## [Input]

......

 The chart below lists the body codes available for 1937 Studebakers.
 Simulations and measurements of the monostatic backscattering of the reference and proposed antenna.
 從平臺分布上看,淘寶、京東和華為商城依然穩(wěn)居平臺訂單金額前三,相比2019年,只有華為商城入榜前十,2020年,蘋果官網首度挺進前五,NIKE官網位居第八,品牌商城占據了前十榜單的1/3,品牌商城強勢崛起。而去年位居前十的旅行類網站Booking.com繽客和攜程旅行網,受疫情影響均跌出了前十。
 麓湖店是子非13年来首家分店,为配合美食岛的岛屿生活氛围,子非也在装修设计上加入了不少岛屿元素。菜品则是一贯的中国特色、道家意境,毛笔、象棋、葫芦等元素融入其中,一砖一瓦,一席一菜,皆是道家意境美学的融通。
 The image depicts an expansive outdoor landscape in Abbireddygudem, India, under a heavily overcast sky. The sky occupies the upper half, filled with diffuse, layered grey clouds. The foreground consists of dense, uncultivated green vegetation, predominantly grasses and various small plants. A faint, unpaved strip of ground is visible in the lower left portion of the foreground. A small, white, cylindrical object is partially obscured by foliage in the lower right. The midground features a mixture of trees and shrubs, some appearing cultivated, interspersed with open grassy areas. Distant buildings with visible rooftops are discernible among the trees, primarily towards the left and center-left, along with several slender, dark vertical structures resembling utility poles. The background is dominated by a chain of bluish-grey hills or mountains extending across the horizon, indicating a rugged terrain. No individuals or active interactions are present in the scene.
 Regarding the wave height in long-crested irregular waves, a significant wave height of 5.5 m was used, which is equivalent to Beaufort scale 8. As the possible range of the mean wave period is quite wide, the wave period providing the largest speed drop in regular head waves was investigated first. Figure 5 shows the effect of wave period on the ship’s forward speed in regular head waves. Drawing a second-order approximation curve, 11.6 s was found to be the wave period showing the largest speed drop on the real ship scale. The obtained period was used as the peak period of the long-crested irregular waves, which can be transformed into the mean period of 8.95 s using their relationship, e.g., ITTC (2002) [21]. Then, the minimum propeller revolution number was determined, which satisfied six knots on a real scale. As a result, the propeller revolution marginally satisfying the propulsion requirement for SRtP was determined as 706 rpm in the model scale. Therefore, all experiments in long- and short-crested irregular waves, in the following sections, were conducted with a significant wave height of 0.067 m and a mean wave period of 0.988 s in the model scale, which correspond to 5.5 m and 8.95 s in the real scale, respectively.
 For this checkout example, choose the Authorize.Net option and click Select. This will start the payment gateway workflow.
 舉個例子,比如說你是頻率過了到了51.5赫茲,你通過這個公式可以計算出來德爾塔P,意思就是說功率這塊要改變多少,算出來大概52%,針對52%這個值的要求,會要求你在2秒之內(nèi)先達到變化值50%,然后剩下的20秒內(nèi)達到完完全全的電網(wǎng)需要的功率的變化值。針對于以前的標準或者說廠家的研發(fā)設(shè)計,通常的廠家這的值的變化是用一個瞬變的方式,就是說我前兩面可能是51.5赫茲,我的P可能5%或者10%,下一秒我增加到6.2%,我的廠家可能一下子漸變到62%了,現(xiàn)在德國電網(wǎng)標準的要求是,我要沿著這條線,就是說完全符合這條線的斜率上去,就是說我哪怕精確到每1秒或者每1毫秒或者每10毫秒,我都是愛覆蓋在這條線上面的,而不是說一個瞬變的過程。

......

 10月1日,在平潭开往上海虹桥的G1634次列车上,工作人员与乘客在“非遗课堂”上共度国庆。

......

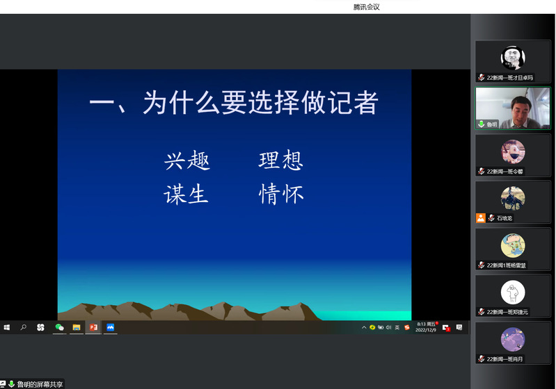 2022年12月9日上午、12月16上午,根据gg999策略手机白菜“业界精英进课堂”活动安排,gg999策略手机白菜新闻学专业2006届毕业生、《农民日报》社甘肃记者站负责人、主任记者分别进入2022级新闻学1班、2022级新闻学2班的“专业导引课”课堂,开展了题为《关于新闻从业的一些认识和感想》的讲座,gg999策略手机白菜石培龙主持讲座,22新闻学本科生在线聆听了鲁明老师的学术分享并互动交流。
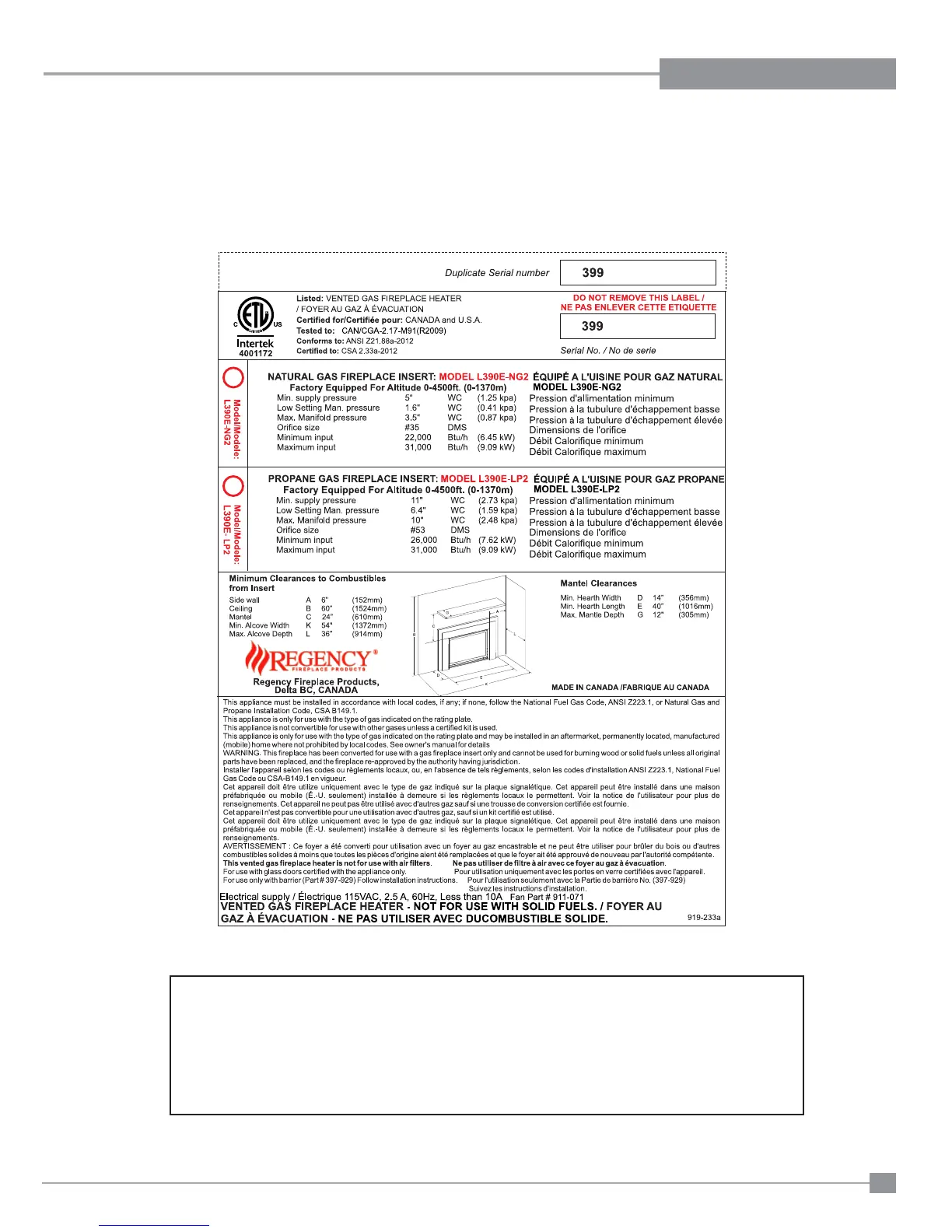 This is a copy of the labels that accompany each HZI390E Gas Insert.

......

## [Exercise aim]
Reproduce only the lines above spanning from the line containing "The chart below" through the line containing "麓湖店是子非13年来首家分店", word for word.

## [Solution for this exercise]
 The chart below lists the body codes available for 1937 Studebakers.
 Simulations and measurements of the monostatic backscattering of the reference and proposed antenna.
 從平臺分布上看,淘寶、京東和華為商城依然穩(wěn)居平臺訂單金額前三,相比2019年,只有華為商城入榜前十,2020年,蘋果官網首度挺進前五,NIKE官網位居第八,品牌商城占據了前十榜單的1/3,品牌商城強勢崛起。而去年位居前十的旅行類網站Booking.com繽客和攜程旅行網,受疫情影響均跌出了前十。
 麓湖店是子非13年来首家分店,为配合美食岛的岛屿生活氛围,子非也在装修设计上加入了不少岛屿元素。菜品则是一贯的中国特色、道家意境,毛笔、象棋、葫芦等元素融入其中,一砖一瓦,一席一菜,皆是道家意境美学的融通。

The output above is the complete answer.